WORK INSTRUCTIONS: Print exactly the lines from the one containing "在國家政策大力扶持與技術創新" through the last line of the records below, both included, and nothing else; omit any pictures.

◇ ◇ ◇ ◇ ◇

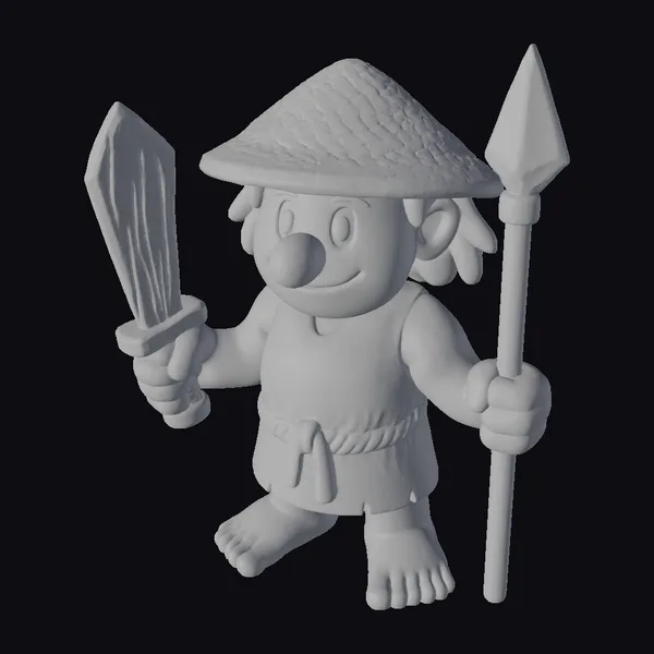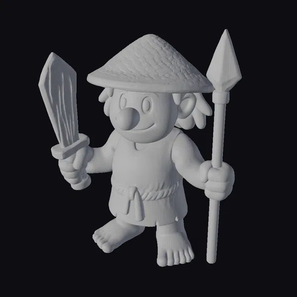 Detailed with a cheerful expression and dynamic pose, this cartoon adventurer model showcases intricate textures and a colorful palette. The character’s attire, including the red top, brown shorts with a yellow belt, and a traditional Asian-style hat, offers a rich visual appeal. Holding a wooden sword and spear, the model is perfect for projects requiring a playful yet heroic character. Ideal for use in gaming, animation, and print projects, this model brings a light-hearted and adventurous spirit to any scene.
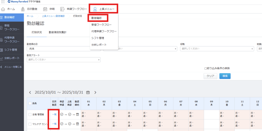 - 更に詳細を確認したい場合には、「日次勤怠」の「一覧」をクリックし、各従業員の日次勤怠画面を確認する
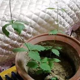 播后立即向床面覆盖1厘米左右厚度的细碎树叶,再向树叶上喷水,使水透过树叶,渗透到床面表土上,浸湿床面表土不少于8厘米。也可覆盖前喷水,覆叶后在喷水。为防树叶被风刮散,需用适量树枝、木棍适当压住树叶。种芽能自然突破树叶而长出,一般不需撤覆物。若覆盖过厚,需适当适时撤出一些树叶。留在床表的树叶能保湿、保温,也能减少杂草发生量。6-9月,床面若有杂草出现,应随时拔掉。当苗高5厘米左右时,若过密应按5-10厘米株距定苗,间掉多余苗。留苗过多,苗茎较细且根用量少而细。作为中草药产品经在床上2-3年生长,于第3-4年即可连根采挖。而作为山野菜生产,则一直留床生长。
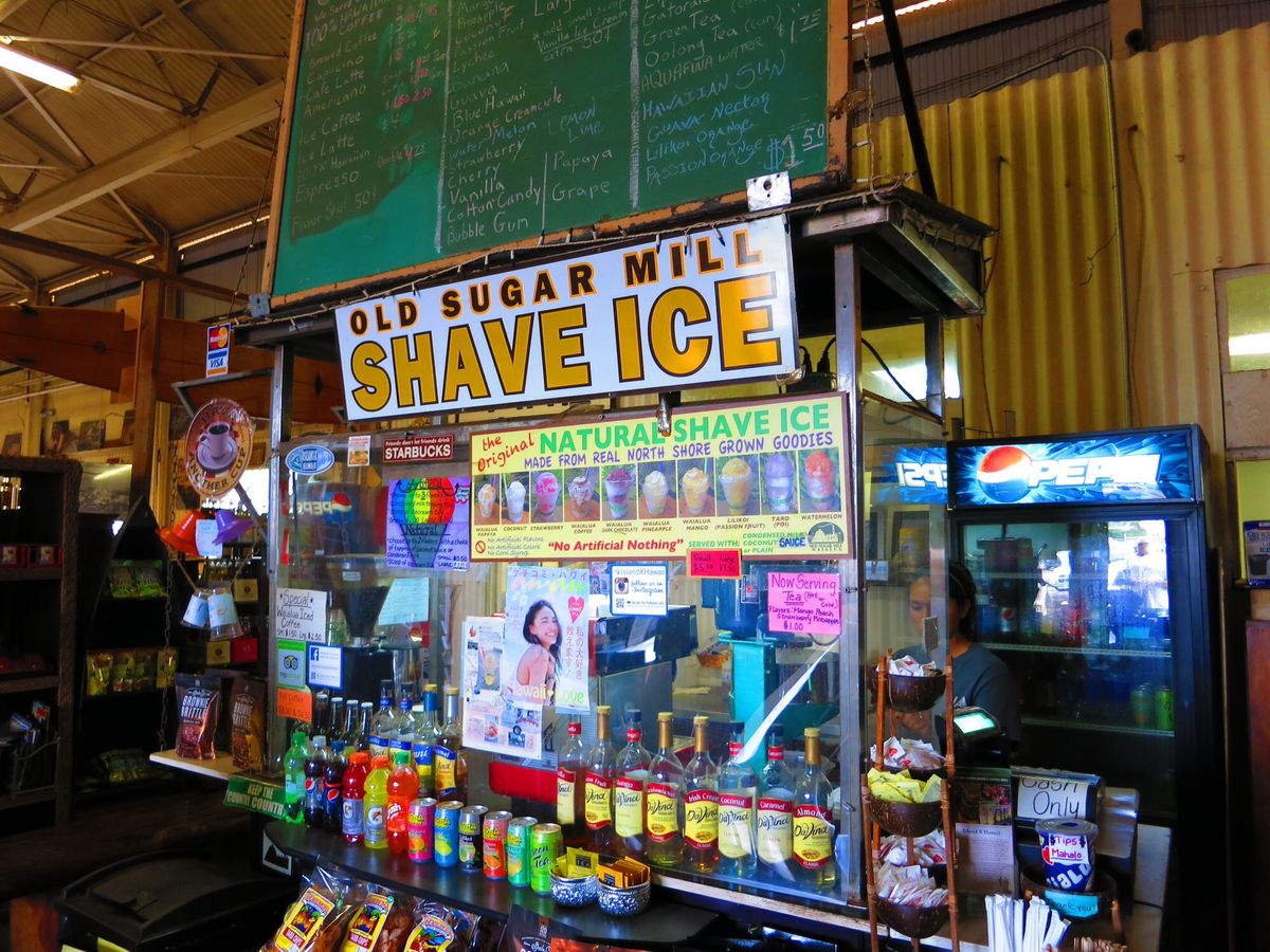 エネルギーを感じ、ハレイワでは娘とレインボーのシェイブアイスを食べ、
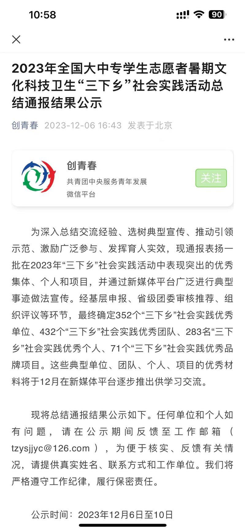 常州工業職業技術學院團員青年獲評2023年全國大中專學(xué)生誌願者暑期文化科技衛生“三下鄉”社會實踐優秀個人
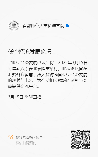 在國家政策大力扶持與技術創新的雙重驅動下,低空經濟作為戰略性新興產業,正以蓬勃之勢改寫經濟發展格局,成為培育新質生產力、推動高質量發展的重要引擎。2025年3月15日,一場匯聚學界與業界深度融合的盛會——2025低空經濟發展論壇將在北京開啟,誠邀各界共赴這場思想盛宴,探尋低空經濟發展新路徑。
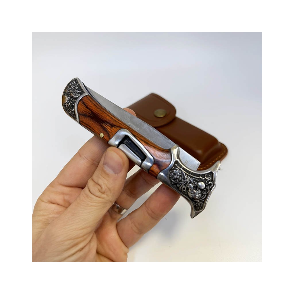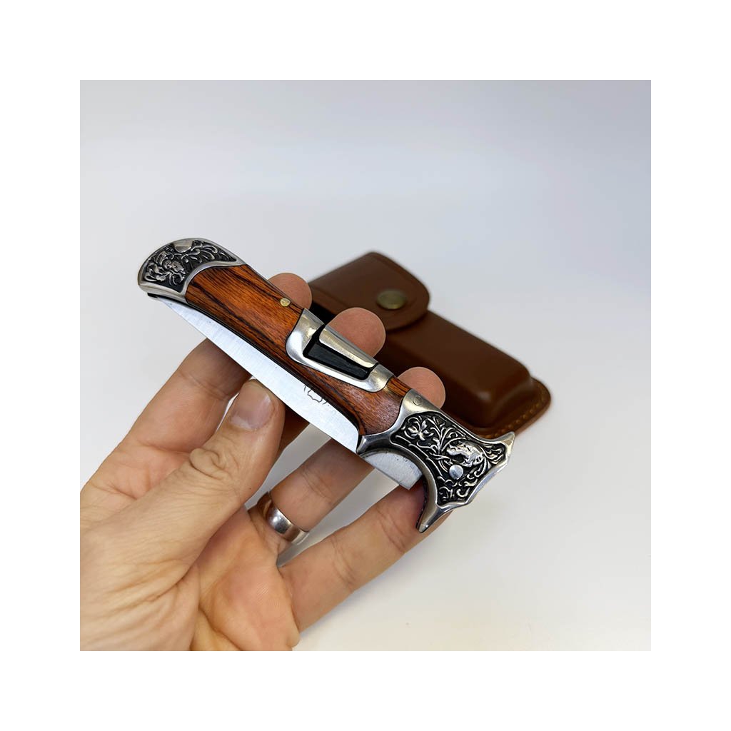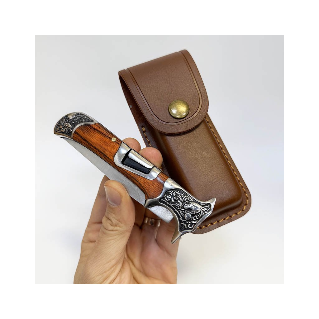 Robustní vyklápěcí nůž s dřevěnou rukojetí, gravírováním a koženým pouzdrem. Vhodné jako originální dárek s vlastním věnováním. Prémiová kvalita.

◇ ◇ ◇ ◇ ◇

REPLY:
 在國家政策大力扶持與技術創新的雙重驅動下,低空經濟作為戰略性新興產業,正以蓬勃之勢改寫經濟發展格局,成為培育新質生產力、推動高質量發展的重要引擎。2025年3月15日,一場匯聚學界與業界深度融合的盛會——2025低空經濟發展論壇將在北京開啟,誠邀各界共赴這場思想盛宴,探尋低空經濟發展新路徑。
 Robustní vyklápěcí nůž s dřevěnou rukojetí, gravírováním a koženým pouzdrem. Vhodné jako originální dárek s vlastním věnováním. Prémiová kvalita.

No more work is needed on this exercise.